Following a criminal conviction and sentence in a Magistrates or Crown Court, the solicitor and the barrister working the case will provide advice to the individual convicted and sentenced as to whether they feel that there is grounds for a successful appeal which can be put forward to the appellate courts.
If it is regarded that there are grounds for an appeal and that an appeal may indeed be successful against either the conviction or the sentence or in some cases both, then the Counsel – the term which refers to the barrister representing the client – will prepare advice in writing citing the various grounds.
Following the Counsel informing the client that there are grounds for an appeal, the solicitor will complete the correct forms – in this case Form NG – and submit all the relevant paperwork to the convicting or sentencing court.
If the solicitor feels that it is unlikely that the case will be successful on appeal, i.e. that there are no grounds for appeal he will communicate this to the client usually verbally.
Following this there are two options available for the client – they can either complete and submit the form themselves or they can seek alternative legal advice.
Once the court has received the information the court will then forward the appeal application to the requisite appeal court.
When a case is being appealed from the Crown Court the three options for appellate court are as follows:
The Criminal Court of Appeal
The Court of Appeal (Criminal Division)
This process of application for appeal is known as an application for Leave to Appeal and will be considered initially by a single judge. This applies irrespective of whether the appeal is for the conviction or the sentence.
Leave for appeal should be applied for within 28 days of the sentence being handed down.

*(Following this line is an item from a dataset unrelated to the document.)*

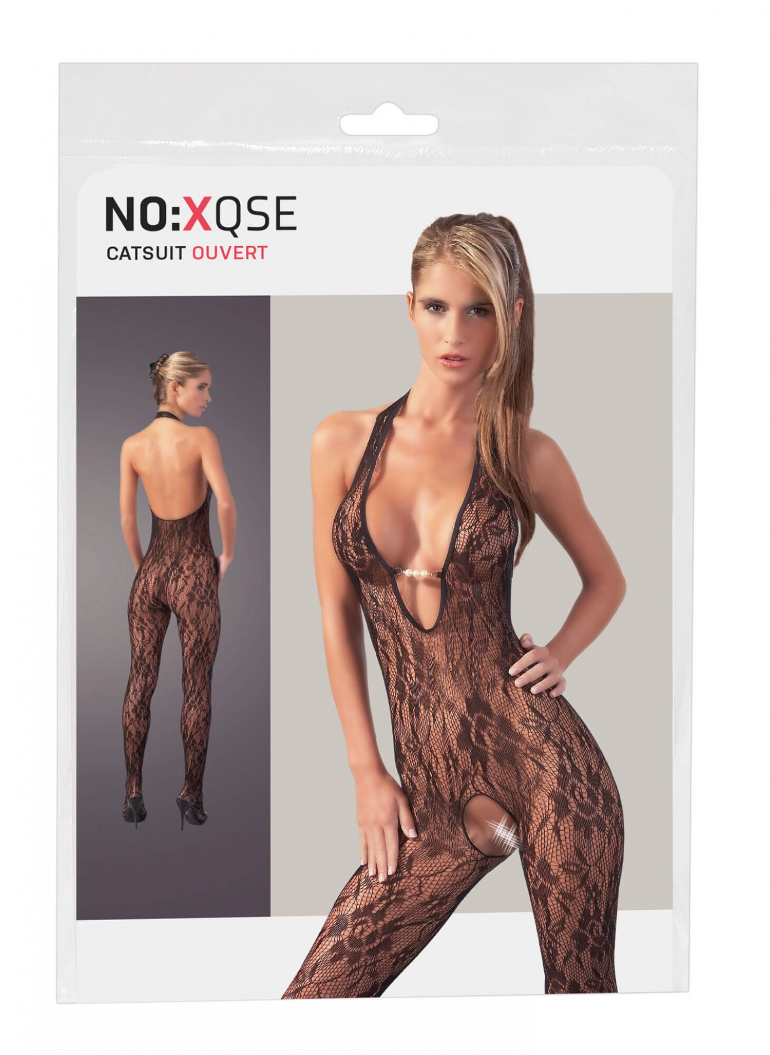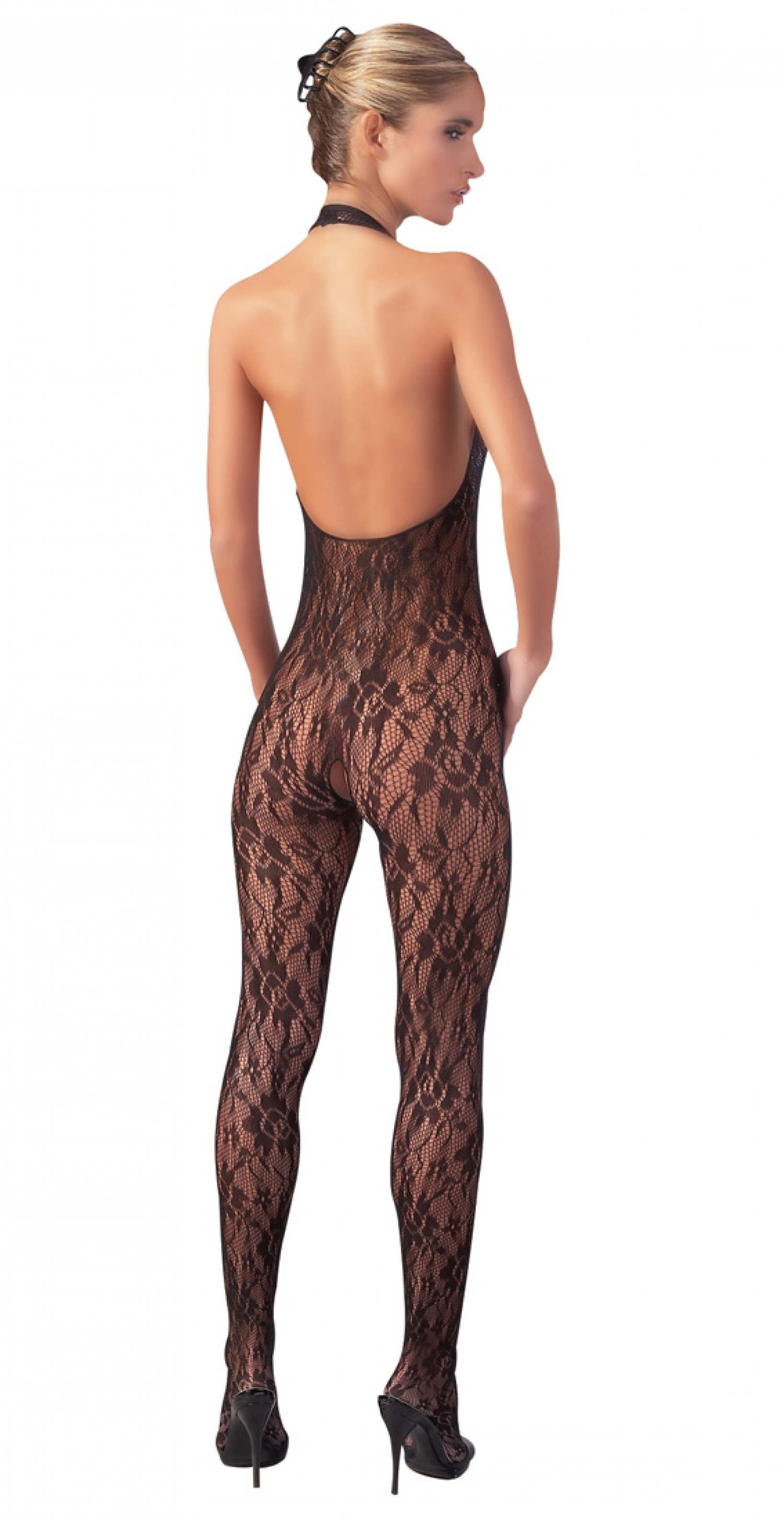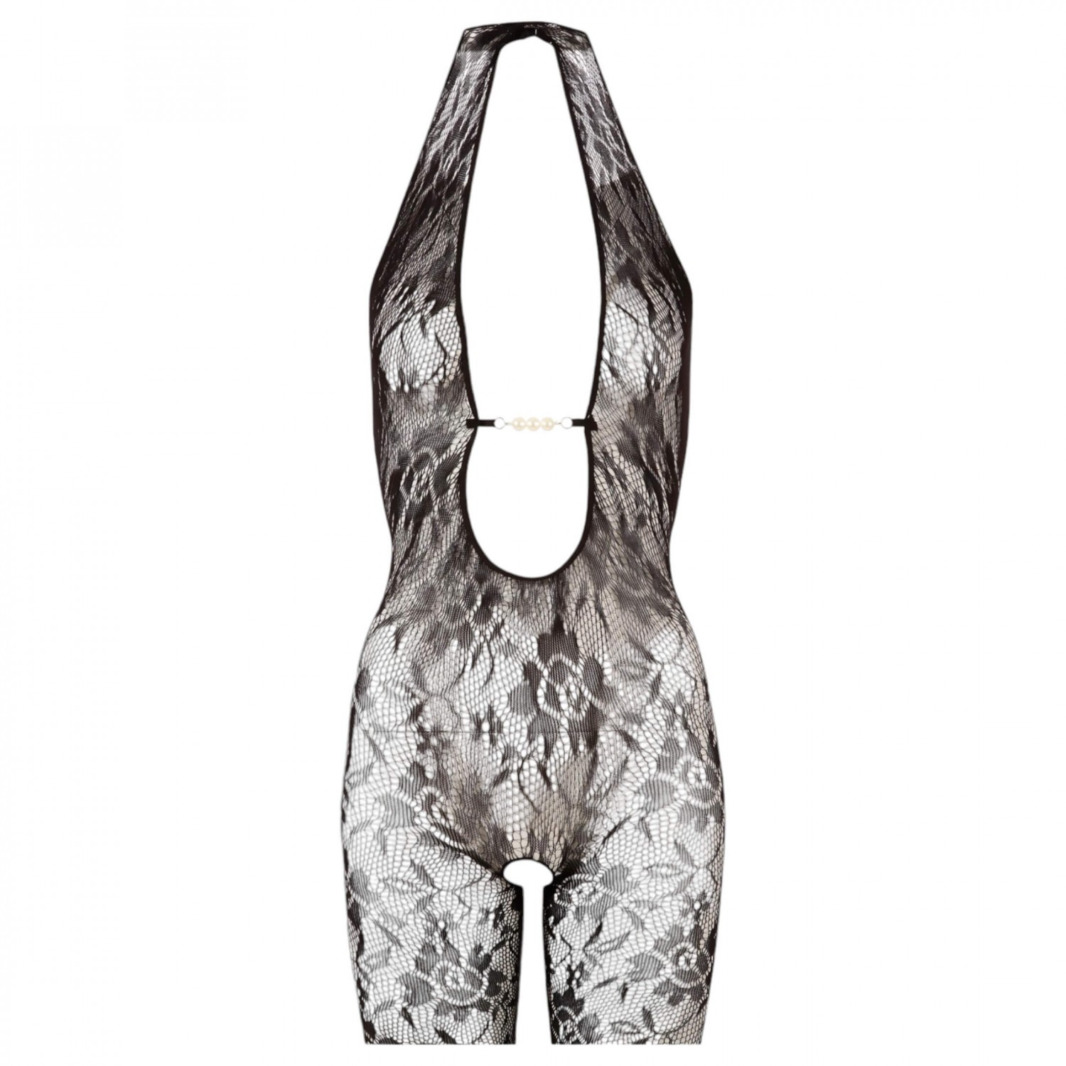 Puha csipke tetőtől talpig. Látványos szövésű, rugalmas csipkéből készült, szeméremnél nyitott overall, mély, gyöngyökkel díszített dekoltázzsal. Nyakpántos kialakítású, mély hátkivágással. Fekete színben. Mérete: S/M. Anyaga: 100% Polyamid.

The single judge will decide whether or not the application will have a reasonable chance of succeeding and is there to stop appeals that have little grounds of succeeding making their way to court and wasting valuable time.

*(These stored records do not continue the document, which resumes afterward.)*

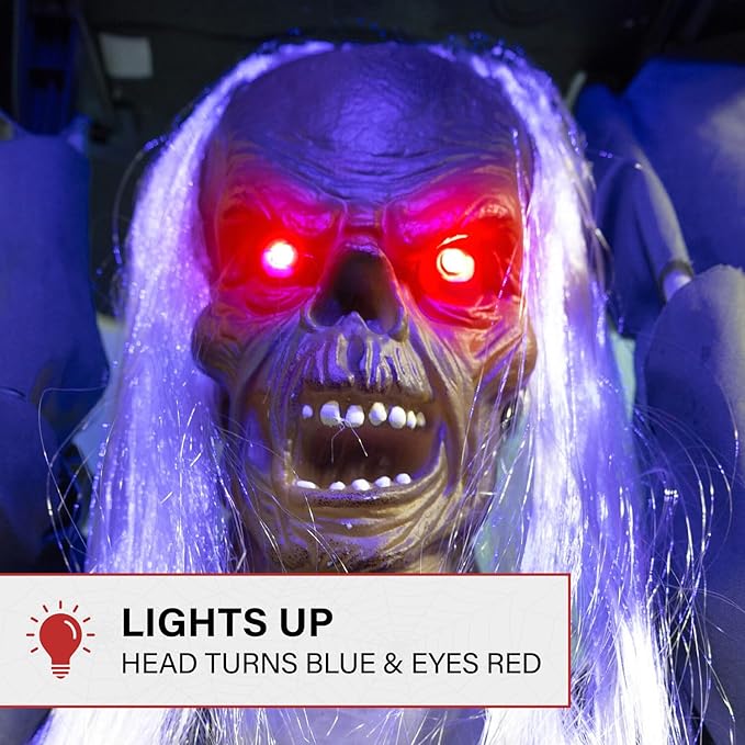 - Lights up: This zombie's eyes light up with a sinister stare in red LEDs while the top of his head lights up blue when activated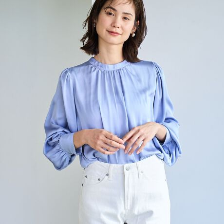 ほんのりボリュームをもたせた袖はシンプルながらも、細かいギャザーや長めのカフスで気になる腕ラインをカバーします。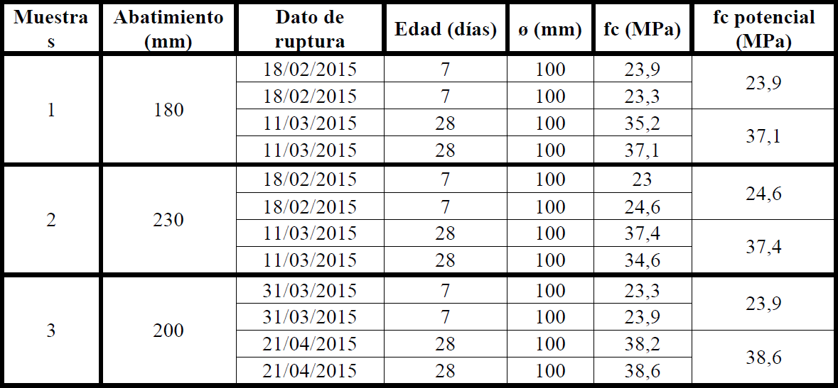 En los datos especificadas de ensayo, se realizaron los ensayos, en laboratorio acreditado, siguiendo los procedimientos normativos. Todos los núcleos fueron nivelados y los ensayos se realizaron en la prensa máquina universal EMIC - PC 200 CS. Los resultados son presentados en la Tabla 3.

All applications for appeal against criminal convictions or sentencing are required to go through this process.
The judge will always provide his reasons for either letting the appeal go through to the court or for rejecting it in writing.

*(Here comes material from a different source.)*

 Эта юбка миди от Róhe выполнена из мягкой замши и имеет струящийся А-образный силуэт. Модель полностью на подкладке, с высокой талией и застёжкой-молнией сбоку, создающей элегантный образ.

If an initial application for Leave to Appeal is granted by the single judge then the application will move on to the full court whereby the application for appeal will be heard in full. During this appeal process witnesses will be able to give evidence and the arguments in favour of the appeal can be granted or refused by the court.
In a case concerning an appeal against a criminal conviction the court can do one of the following four things:
Decide to dismiss the appeal
Allow the appeal and direct that the appellant be acquitted
Allow the appeal and substitute the conviction for a lesser charge which must have been open to the trial jury – the best example of this is substituting a conviction for murder for that of manslaughter
Allow the appeal and direct that there is a retrial
In a case concerning an appeal against a criminal conviction the court can do one of the following two things:
Dismiss the appeal against sentence
Allow the appeal and substitute a different sentence to replace the one imposed by the Crown Court
Currently there is a limited right following an appeal against a conviction or a sentence in the Court of Appeal to enable further appeals to be taken to the House of Lords. This is a limited right, however, and will only apply to appeals that are considered to have general public importance.